Specialization
What is trauma specific treatment?
Trauma focused psychotherapy (including PE and CPT) are two of the most effective types of treatment for PTSD. These treatments help you process – or work through – your traumatic experience. Evidence Based Treatment for PTSD are a specific type of Cognitive Behavioral Therapy that are scientifically proven to reduce distressing symptoms and help people regain their daily functioning. These treatments often allow individual to reach their goals within 12-16 sessions and help reduce anxiety, hypervigilance, irritability, and increase one’s ability to be more integrated in the world.
People with PTSD often try to avoid anything that reminds them of the trauma. This can help you feel better in the short run, but in the long run it can create chronic issues. Avoiding these feelings and situations actually keeps you from recovering from PTSD.
What is Prolonged Exposure Therapy (PE) for PTSD?
PE works by helping you face your fears. PE teaches you to gradually approach trauma-related memories, feelings, and situations that you have been avoiding since your trauma. By talking about the details of the trauma and by confronting safe situations that you have been avoiding, you can decrease your PTSD symptoms and regain more control of your life.
What is Cognitive Processing Therapy (CPT) for PTSD?

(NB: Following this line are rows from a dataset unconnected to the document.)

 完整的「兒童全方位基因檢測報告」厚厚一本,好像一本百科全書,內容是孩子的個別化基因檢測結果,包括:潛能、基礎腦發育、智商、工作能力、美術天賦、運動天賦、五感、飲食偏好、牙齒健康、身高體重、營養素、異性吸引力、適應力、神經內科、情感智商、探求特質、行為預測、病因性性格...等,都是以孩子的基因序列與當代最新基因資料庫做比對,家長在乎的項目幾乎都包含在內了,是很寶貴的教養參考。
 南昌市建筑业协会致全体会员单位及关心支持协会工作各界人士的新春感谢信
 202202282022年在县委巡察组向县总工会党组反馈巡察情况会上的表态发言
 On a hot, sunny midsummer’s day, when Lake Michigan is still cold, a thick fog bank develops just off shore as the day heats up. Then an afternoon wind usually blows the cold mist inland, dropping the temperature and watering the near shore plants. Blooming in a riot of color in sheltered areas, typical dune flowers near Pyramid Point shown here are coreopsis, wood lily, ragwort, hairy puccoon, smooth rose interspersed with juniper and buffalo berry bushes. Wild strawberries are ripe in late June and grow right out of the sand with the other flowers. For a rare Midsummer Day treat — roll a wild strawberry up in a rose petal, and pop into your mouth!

Trauma can change the way you think about yourself and the world. You may believe you are to blame for what happened or that the world is a dangerous place and no one can be trusted. These kinds of thoughts keep you stuck in your PTSD and cost you engagement with the world and others. CPT teaches you a new way to handle these upsetting thoughts. In CPT, you will learn skills that can help you decide whether there are more helpful ways to think about your trauma. You will learn how to examine whether the facts support your thoughts and if they don’t, you can decide whether or not it makes sense to take on a new perspective, which can ultimately help provide a new and more hopeful way of seeing yourself, others and the world.

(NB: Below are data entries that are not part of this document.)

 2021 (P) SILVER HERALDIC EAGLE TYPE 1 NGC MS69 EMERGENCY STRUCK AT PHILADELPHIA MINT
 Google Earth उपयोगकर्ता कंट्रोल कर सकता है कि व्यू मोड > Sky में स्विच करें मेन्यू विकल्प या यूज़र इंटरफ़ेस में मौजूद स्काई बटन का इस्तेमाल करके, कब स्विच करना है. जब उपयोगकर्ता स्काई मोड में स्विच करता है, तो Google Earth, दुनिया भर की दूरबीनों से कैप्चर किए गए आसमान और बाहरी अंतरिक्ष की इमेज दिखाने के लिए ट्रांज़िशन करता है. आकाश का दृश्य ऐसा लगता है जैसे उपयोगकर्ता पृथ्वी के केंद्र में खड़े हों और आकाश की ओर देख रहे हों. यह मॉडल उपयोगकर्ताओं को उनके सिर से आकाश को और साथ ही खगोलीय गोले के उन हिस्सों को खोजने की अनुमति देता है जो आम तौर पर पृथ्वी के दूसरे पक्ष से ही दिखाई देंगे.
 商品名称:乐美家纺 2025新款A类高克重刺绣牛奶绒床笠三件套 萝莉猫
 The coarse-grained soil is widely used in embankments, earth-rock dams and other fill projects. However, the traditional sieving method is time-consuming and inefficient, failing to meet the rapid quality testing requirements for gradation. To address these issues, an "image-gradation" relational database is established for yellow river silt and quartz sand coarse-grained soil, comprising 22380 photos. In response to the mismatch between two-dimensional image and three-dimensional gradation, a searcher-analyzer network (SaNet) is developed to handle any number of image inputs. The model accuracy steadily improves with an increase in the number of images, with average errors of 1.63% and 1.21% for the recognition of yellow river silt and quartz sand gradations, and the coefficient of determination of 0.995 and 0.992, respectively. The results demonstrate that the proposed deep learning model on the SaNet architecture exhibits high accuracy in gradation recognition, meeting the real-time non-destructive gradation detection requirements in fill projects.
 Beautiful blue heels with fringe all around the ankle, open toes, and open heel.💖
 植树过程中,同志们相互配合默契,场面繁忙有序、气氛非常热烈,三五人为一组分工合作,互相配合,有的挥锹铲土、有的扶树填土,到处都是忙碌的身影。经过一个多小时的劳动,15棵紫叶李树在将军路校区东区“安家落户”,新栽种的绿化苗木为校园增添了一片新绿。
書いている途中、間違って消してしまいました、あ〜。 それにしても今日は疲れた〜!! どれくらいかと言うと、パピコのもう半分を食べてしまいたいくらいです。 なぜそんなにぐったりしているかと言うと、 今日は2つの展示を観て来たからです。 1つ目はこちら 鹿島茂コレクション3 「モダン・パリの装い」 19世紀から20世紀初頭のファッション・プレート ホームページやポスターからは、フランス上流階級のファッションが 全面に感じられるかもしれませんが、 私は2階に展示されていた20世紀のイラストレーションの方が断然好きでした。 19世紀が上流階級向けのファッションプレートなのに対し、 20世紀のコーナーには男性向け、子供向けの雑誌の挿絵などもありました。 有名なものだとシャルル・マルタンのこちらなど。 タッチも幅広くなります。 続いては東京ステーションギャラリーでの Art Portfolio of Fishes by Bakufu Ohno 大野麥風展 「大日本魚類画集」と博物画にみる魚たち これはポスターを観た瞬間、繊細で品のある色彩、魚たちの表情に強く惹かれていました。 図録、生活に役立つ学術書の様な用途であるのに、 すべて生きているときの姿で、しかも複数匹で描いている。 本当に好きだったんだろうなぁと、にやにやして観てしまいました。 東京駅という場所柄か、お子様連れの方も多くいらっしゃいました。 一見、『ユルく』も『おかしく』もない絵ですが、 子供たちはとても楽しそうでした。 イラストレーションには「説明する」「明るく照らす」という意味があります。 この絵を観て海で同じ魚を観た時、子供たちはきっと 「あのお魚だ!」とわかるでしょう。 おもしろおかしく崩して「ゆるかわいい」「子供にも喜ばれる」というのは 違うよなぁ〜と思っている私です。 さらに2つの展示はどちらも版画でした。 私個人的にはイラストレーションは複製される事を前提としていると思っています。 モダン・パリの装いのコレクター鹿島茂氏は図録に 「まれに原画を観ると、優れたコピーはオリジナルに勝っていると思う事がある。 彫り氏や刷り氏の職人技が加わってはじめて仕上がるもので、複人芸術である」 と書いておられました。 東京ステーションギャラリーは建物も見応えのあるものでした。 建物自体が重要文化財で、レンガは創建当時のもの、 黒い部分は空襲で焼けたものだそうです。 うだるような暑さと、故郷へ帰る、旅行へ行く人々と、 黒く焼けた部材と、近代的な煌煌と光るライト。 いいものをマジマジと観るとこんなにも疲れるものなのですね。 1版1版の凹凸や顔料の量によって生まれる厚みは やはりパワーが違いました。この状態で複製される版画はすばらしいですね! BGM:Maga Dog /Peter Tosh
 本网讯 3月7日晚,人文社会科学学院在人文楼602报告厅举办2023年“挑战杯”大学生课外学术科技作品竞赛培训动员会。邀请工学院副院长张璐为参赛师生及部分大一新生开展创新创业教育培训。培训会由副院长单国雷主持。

Trauma-Informed Guilt Reduction Therapy (TrIGR)
Oftentimes after trauma, there are guilt and shame components of moral injury. TrIGR is a 6-session therapy that helps clients consider their role in the traumatic event and find constructive ways to express important values, so that they no longer need to express values by suffering through guilt and shame.
I have extensive experience in various types of complex trauma including:
War and Combat
Sexual Assault (i.e. females, males, children, military sexual trauma)
Violence (i.e intimate partner violence, community violence)
Racial trauma or Racism Related Stress
Disaster
MV accidents
Trauma-related guilt, shame, and moral Injury
Working with Diversity
I especially enjoy working with people wanting to explore issues of cultural diversity (i.e. race, racial identity, ethnicity, sexual orientation) and welcome the integration of one’s faith or questions of faith into psychotherapy.